Homemade Cream Cheese and Whey for Soaking

This really does taste good and it will give you a decent supply of whey for other soaking or preserving needs. If you can't handle the gamey flavor of the yogurt, use a high quality non-growth hormone plain yogurt. Yogurt from Jersey Cows is best.
1 quart grass fed plain yogurt.
items you need.
thin cloth
Large bowl
Rubber band
a Wooden spoon

Place cloth in strainer in a larger bowl. Put yogurt on the cloth in the strainer. Let stand at room temp for several hours. When yogurt has started to thicken some, pick up cloth being careful not to squeeze the curds of cheese and tie with a rubber band. Attach yogurt cloth to a wooden spoon and let drip free from touching the bowl until all whey is out.

When finished transfer cream cheese to a bowl or glass storage container, cover and fridge for up to 2 months.

The whey will be the yellow liquid. place this in a jar in the fridge, and this keeps for 6 months.
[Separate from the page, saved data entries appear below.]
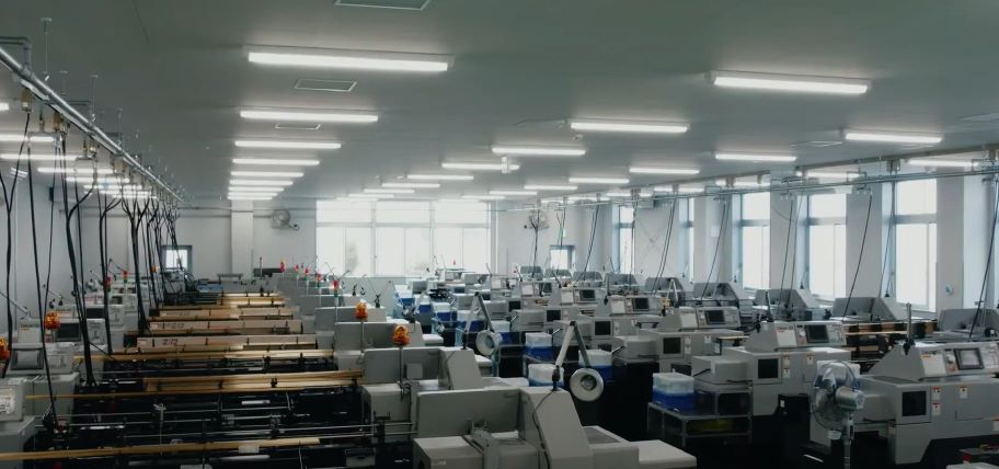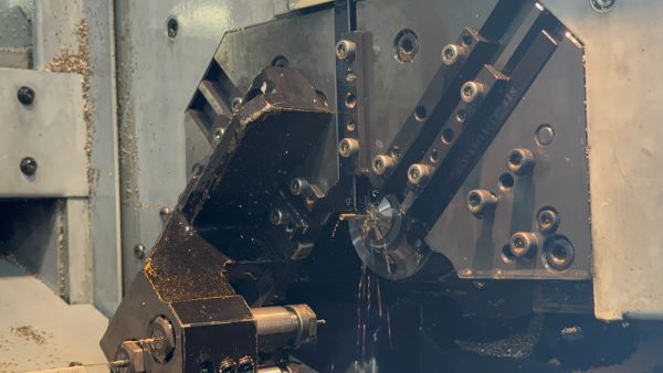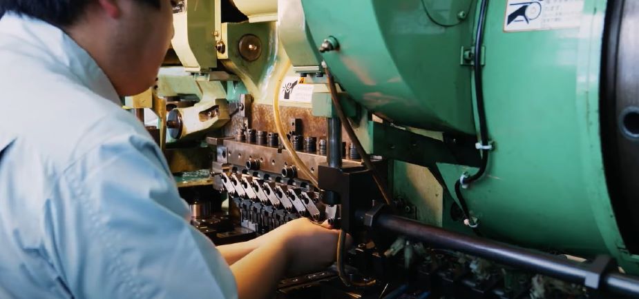 切削加工とは、特殊な刃物を用いて回転する材料を削り取る加工のことです。リンゴの皮むきのようなイメージです。NC自動旋盤機という、数値制御によって自動加工を行う機械で棒材を目的の形状に削ります。φ0.3mm未満の細穴加工やスリット、ローレットなどの特殊な加工も可能です。得意な加工サイズはφ0.5~φ8.0程度で、φ16まで加工することができます。特に、シャープペンシルのチャックは、月に300万個以上生産することができます。自動旋盤134台を駆使し、大量生産且つ低コストの実現しています。
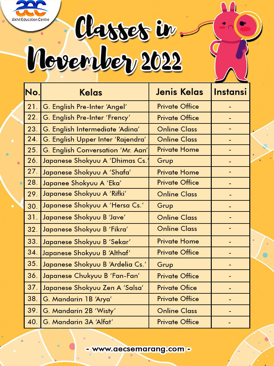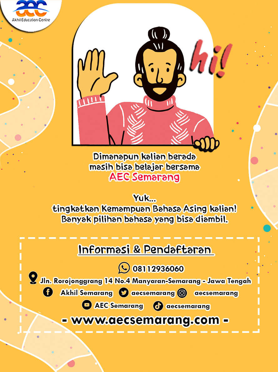 Semangat berjuang guys!!! Masih ada waktu 2 mingggu untuk memantapkan materi kalian. Bagi teman-teman yang ingi belajar intensive materi N5, N4, N3, N2, N1 untuk persiapan Ujian JLPT cuss merapat ke AEC Semarang ^o^
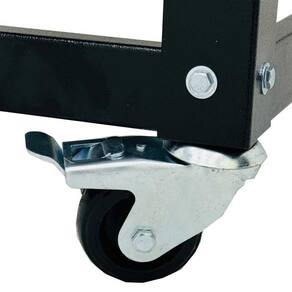 - Cavalete reforçado com sistema de encaixe de fácil montagem, equipado com 4 rodízios;
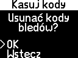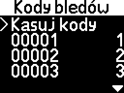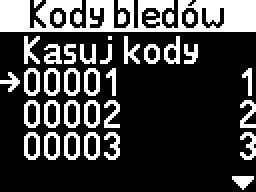 Opcja Wstecz znajduje się na dole menu, za wszystkimi kodami błędów.
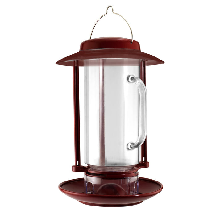 It's a scoop and feeder in one! Combination feed and seed scoop hopper feeder is the ultimate in convenience. To fill just turn handle to right to remove hopper, scoop up the seed, replace hopper in feeder and turn handle to left. Seed will automatically drop into the seed tray! The design lets you easily view the seed level for quick and easy replenishing. Sturdy plastic construction with clear view roof to keep seed dry. Holds approx. 2.5 lb. of seed and is best used with standard seed mixes or black oil sunflower seed. Install in an area that allows for easy viewing access and hang about 5 -1/2 ft. high for easy filling. Clean periodically with soap and water and rinse well. Birds attracted to this feeder are woodpeckers, chickadees, nuthatches, bluebirds, and others.

Why would you want whey? Whey acts as a pre-digestor for phytic acid which is found in a majority of grains and legumes. Phytic Acid cannot be absorbed or broken down by the body and hinders the body from obtaining total nutrient counts from the food being consumed. We use whey for soaking cracked oats for our breakfast, quinoa, and for preservation of lactic acid fermented foods! All of which taste really good, even if they sound a little scary. Don't be intimidated, doing a kitchen overhaul takes time!